USE OF THE PLATFORM IS AT CUSTOMER’S SOLE RISK. EXCEPT AS SET FORTH EXPRESSLY IN THESE TERMS AND CONDITIONS, THE PLATFORM IS PROVIDED “AS IS” AND “AS-AVAILABLE” AND WITHOUT A WARRANTY OF ANY KIND. TECHADOX DISCLAIMS ALL IMPLIED WARRANTIES OR CONDITIONS CONCERNING THE PERFORMANCE, OPERATION OR QUALITY OF THE PLATFORM, INCLUDING ALL IMPLIED WARRANTIES OF NON-INFRINGEMENT MERCHANTABILITY OR FITNESS FOR A PARTICULAR PURPOSE. TECHADOX DOES NOT WARRANT THAT THE PLATFORM WILL MEET ANY CUSTOMER’S REQUIREMENTS, OPERATE IN COMBINATION WITH OTHER SOFTWARE OR INTERNET SITES OR SERVICES, BE UNINTERRUPTED OR ERROR-FREE, OR FUNCTION WITHIN A PARTICULAR SYSTEM. NO OTHER ORAL OR WRITTEN ADVICE GIVEN BY TECHADOX WILL CREATE A WARRANTY REGARDING THE PLATFORM. NO AGENT OR EMPLOYEE OF TECHADOX IS AUTHORIZED TO MAKE ANY WARRANTY OBLIGATIONS ON BEHALF OF TECHADOX OR MODIFY THE LIMITATIONS STATED IN THIS SECTION 15.

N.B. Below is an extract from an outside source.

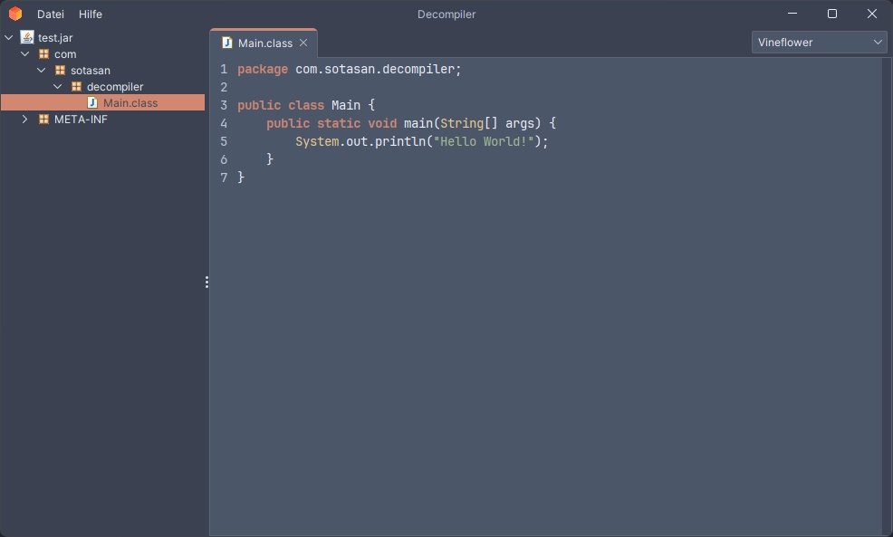 Decompiler je nástroj pro procházení Java archivů (JAR souborů), resp. dekompilaci tříd, pomocí čtyř různých dekompilátorů. Podporuje dekompilátory CFR, JD, Procyon a Vineflower.
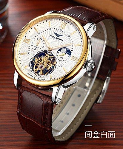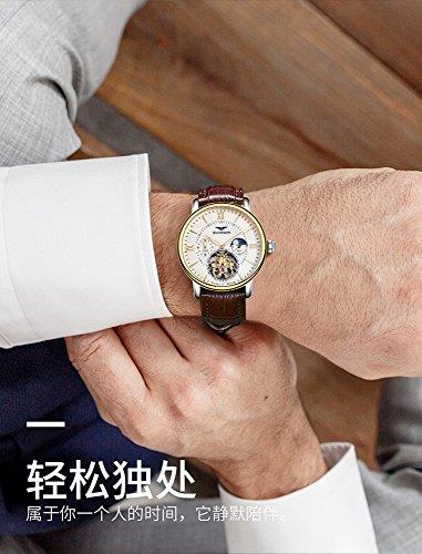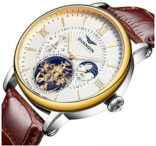 Fanmis Brown Leather Strap Men Tourbillon Luminous Automatic Watch Skeleton Moon Phase Waterproof White

16.1 Techadox Indemnification.
Techadox shall indemnify and hold Customer, its parent organizations, subsidiaries, affiliates, officers, directors, employees, attorneys, and agents harmless from and against any and all claims, costs, damages, losses, liabilities and expenses, including reasonable legal fees and costs, arising out of or in connection with: (a) any alleged conduct which would constitute a breach of the representations and warranties of Techadox set forth herein; or (b) a claim that the use of the Platform (other than third party materials) infringes the copyright, trademark, or United States or Canadian patent rights of any third party. Upon notice of an alleged infringement or if in Techadox’s opinion such a claim is likely, Techadox shall have the right, at its option, to obtain for Customer the continuing right to use the Platform, substitute other non-infringing functionality, or modify the Platform so that it is no longer infringing. THIS SECTION SETS FORTH TECHADOX’S SOLE AND EXCLUSIVE LIABILITY, AND CUSTOMER’S SOLE AND EXCLUSIVE REMEDY, FOR TECHADOX’S INFRINGEMENT OF THIRD PARTY RIGHTS OF ANY KIND.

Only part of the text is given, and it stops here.